> **Recorded data**
+++

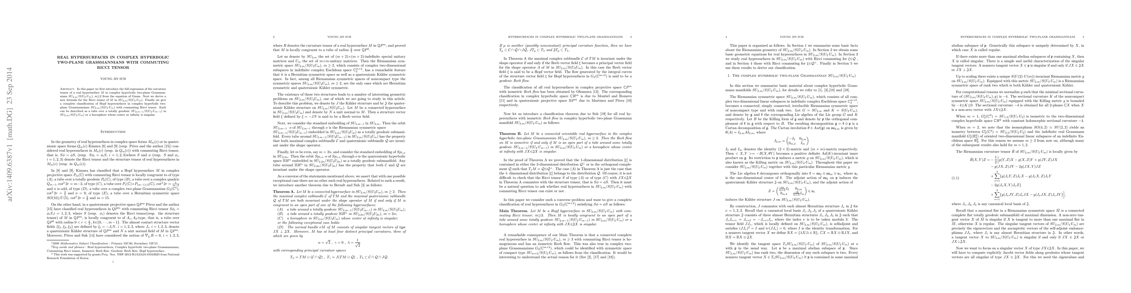 This paper classifies Hopf hypersurfaces in complex hyperbolic two-plane Grassmannians with a commuting Ricci tensor, showing they are either tubes over lower-dimensional structures or singular horospheres. The study derives the Ricci tensor formula and the full curvature tensor expression from Gauss' equation.
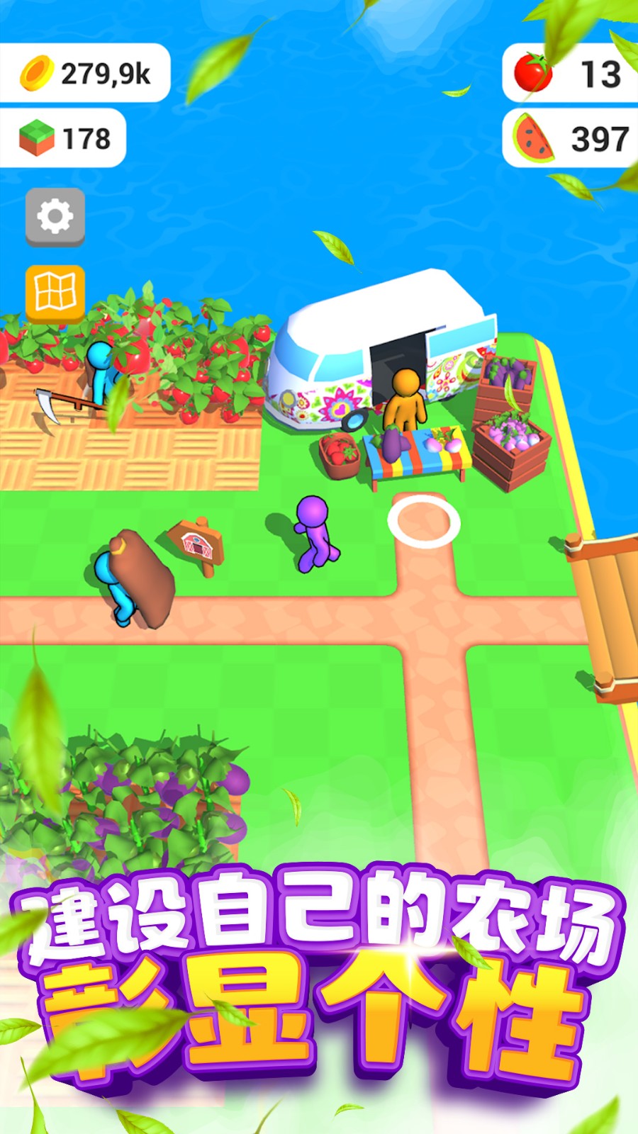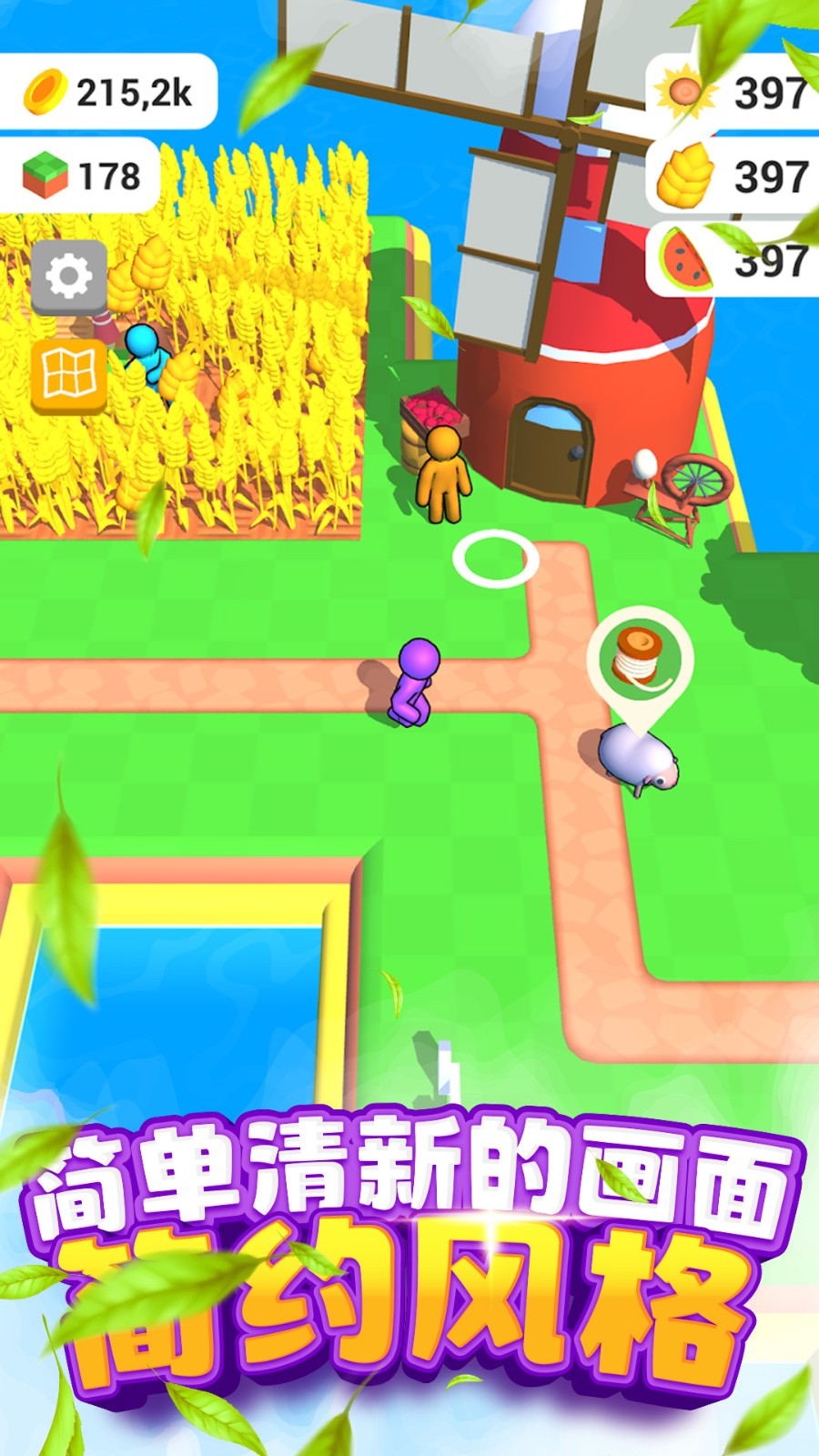 在这里,玩家需要收获更多的农作物来赚取收益,逐步扩大自己的农场场地,或者雇佣更多的员工共同完成收割工作,轻松提高工作效率,获得更多收入。他们还可以自由地种植苹果树、养鸡等,感受收获的喜悦。
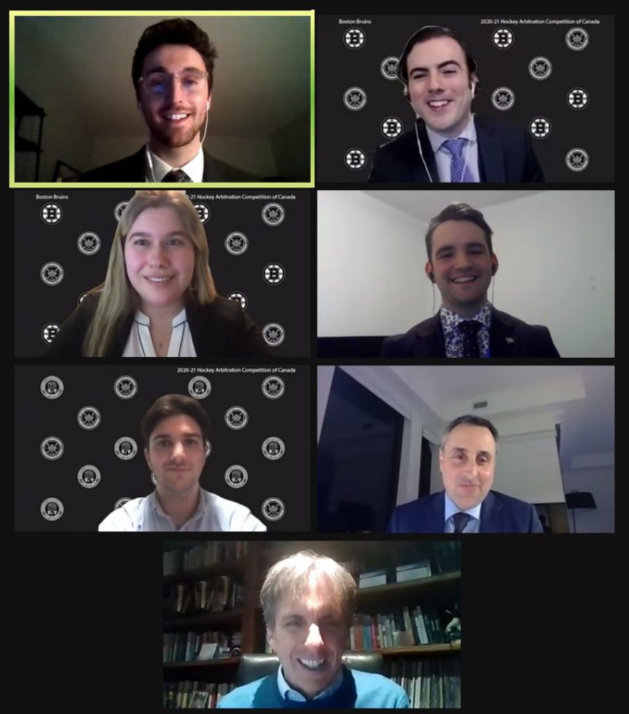 On March 13th, Osgoode Hall sent two teams (virtually) to the annual Hockey Arbitration Competition of Canada, hosted by the University of Toronto. This year’s Osgoode teams were executive members from the Osgoode Entertainment & Sports Law Association, Jordan Kazan Baigrie & Jeremy Wright along with Nolan Cattell & Vaughan Rawes.
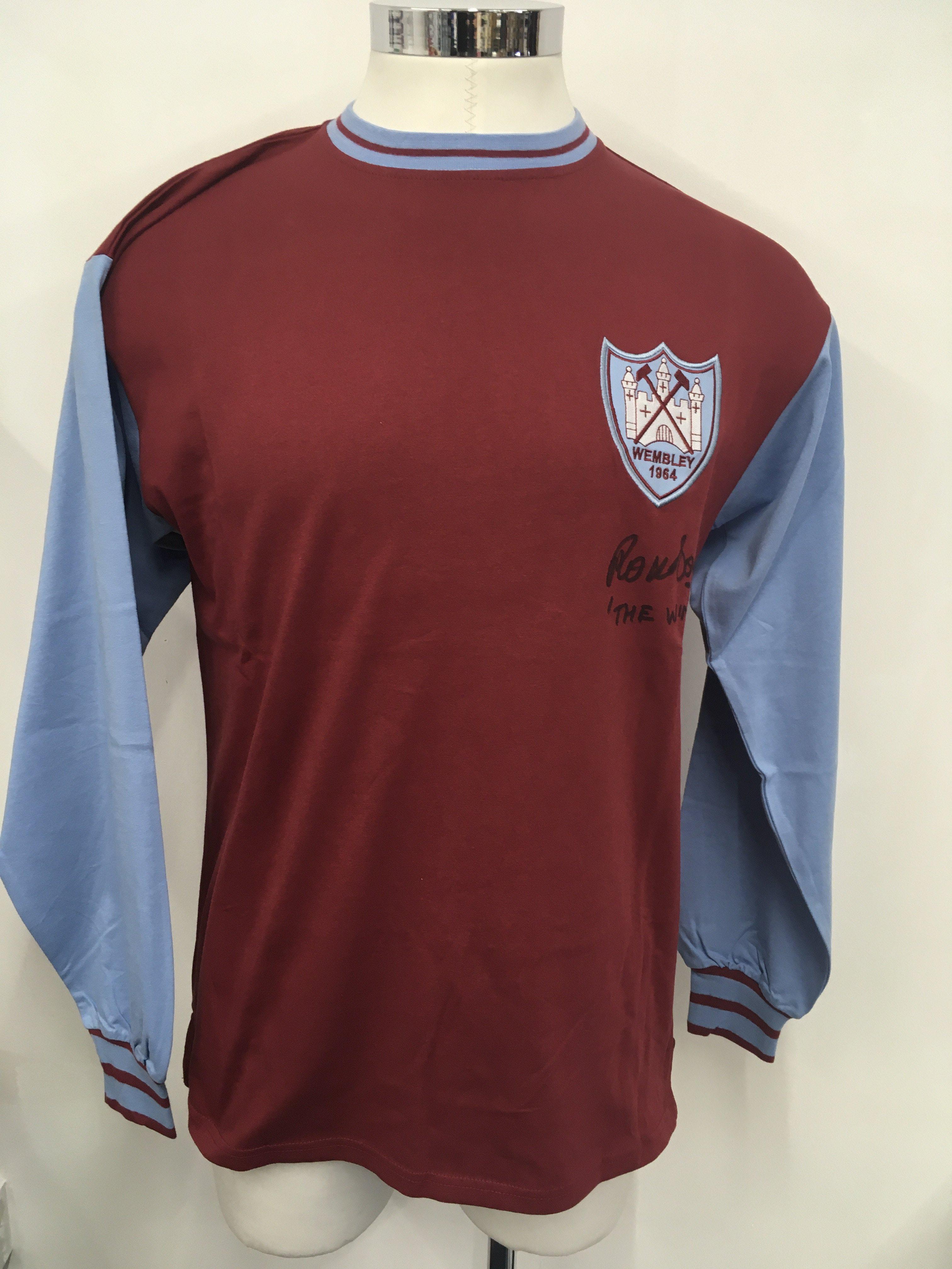 West Ham 1964 FA Cup Final Signed Football Shirt: Claret and blue brand new with tags retro shirt with Wembley 1964 to breast below West Ham badge. Signed to front by Ron Boyce who has written The Winner which is reference to his 90th minute winning goal. Coa from reputable source.

+++

> **The task**
Reproduce the material exactly; omit the pictures.

> **Answer**
 This paper classifies Hopf hypersurfaces in complex hyperbolic two-plane Grassmannians with a commuting Ricci tensor, showing they are either tubes over lower-dimensional structures or singular horospheres. The study derives the Ricci tensor formula and the full curvature tensor expression from Gauss' equation.
 在这里,玩家需要收获更多的农作物来赚取收益,逐步扩大自己的农场场地,或者雇佣更多的员工共同完成收割工作,轻松提高工作效率,获得更多收入。他们还可以自由地种植苹果树、养鸡等,感受收获的喜悦。
 On March 13th, Osgoode Hall sent two teams (virtually) to the annual Hockey Arbitration Competition of Canada, hosted by the University of Toronto. This year’s Osgoode teams were executive members from the Osgoode Entertainment & Sports Law Association, Jordan Kazan Baigrie & Jeremy Wright along with Nolan Cattell & Vaughan Rawes.
 West Ham 1964 FA Cup Final Signed Football Shirt: Claret and blue brand new with tags retro shirt with Wembley 1964 to breast below West Ham badge. Signed to front by Ron Boyce who has written The Winner which is reference to his 90th minute winning goal. Coa from reputable source.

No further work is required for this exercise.